Troubleshooting for Operational Insights
9 minute read
Verify data is flowing real-time
An important aspect of Operational Insights solution is to store the API requests as fast as possible in Elasticsearch, so that they are available in real-time in the API Gateway Traffic Monitor or in the Kibana dashboard. If your setup cannot process the log information fast enough, data will not be real-time and log information might be lost.
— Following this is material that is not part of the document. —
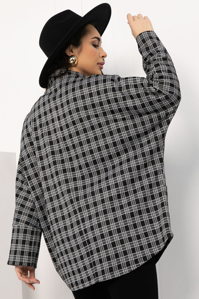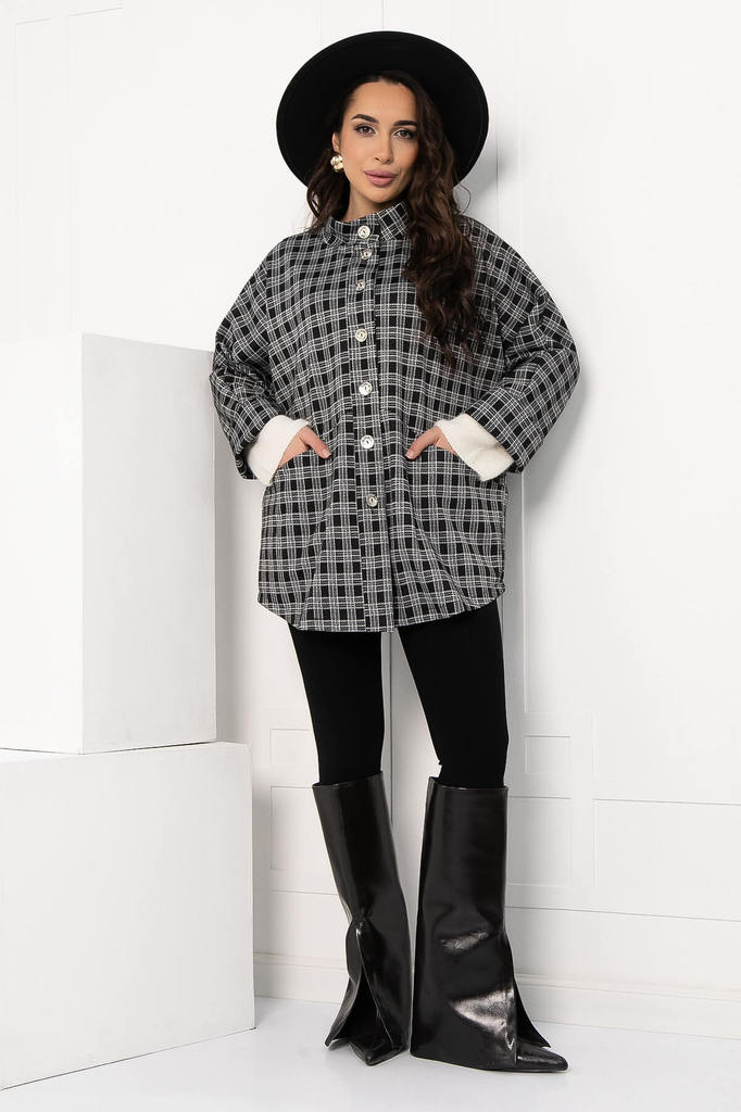Артикул: Б12802-4М. Тип ткани: смесовая. Состав: 65% полиэстер, 30% вискоза, 5% эластан. Материал: трикотаж. Цвет: чёрный. Принт: клетка. Вид застежки: пуговицы. Силуэт: свободный. Карм... Показать описаниеаны: есть. Подкладка: отсутствует. Декоративные элементы: пуговицы. Длина по спинке от верхней точки плеча: M (46-48) - 77 см, L (50-52) - 77 см, XL (54-56) - 77 см. Размер изделия на модели: M (46-48) Рост модели: 167 см. Отснято со свитером Б12899-12М Жакет свободного кроя — это стильный и универсальный элемент гардероба, который поможет создать множество образов. Воротник-стойка плавно переходит в планку на пуговицах, что придаёт изделию элегантный и современный вид. Цельнокроеные рукава и манжеты, которые можно отгибать, позволяют экспериментировать с образом. Удобные карманы добавляют функциональности, делая пальто практичным выбором для повседневной носки. Этот жакет станет незаменимым элементом вашего гардероба, сочетая в себе комфорт и стиль. Уход за изделием: ручная стирка до 30 градусов; нельзя отбеливать; отжим запрещён; гладить при t не более 110 С; гладить с изнанки. Внимание! Рекомендуем ориентироваться на размерную сетку и выбирать свой привычный размер, согласно размерной таблице. *Допуск отклонения длины при массовом производстве 1-3 см является нормой.

Verify that processes or containers are running
From within your project’s folder, where the docker compose.yml
file is located, run the following:
docker compose inspect
The status of each container is shown depending on the services you enabled and disabled.
Name | Command | State | Ports |
---|---|---|---|
apigateway-openlogging-elk_elk-traffic-monitor-api_1_3fbba4deea37 | docker-entrypoint.sh node | Up (healthy) | 0.0.0.0:8889->8080/tcp |
apigateway-openlogging-elk_filebeat_1_3ad3117a1312 | /usr/local/bin/docker-entr … | Up | 0.0.0.0:9000->9000/tcp |
apigateway-openlogging-elk_logstash_1_c6227859a9a4 | /usr/local/bin/docker-entr … | Up | 0.0.0.0:5044->5044/tcp, 9600/tcp |
elasticsearch1 | /usr/local/bin/docker-entr … | Up | 0.0.0.0:9200->9200/tcp, 0.0.0.0:9300->9300/tcp |
Verify Filebeat is receiving data
Check the filebeat log file within the running docker container.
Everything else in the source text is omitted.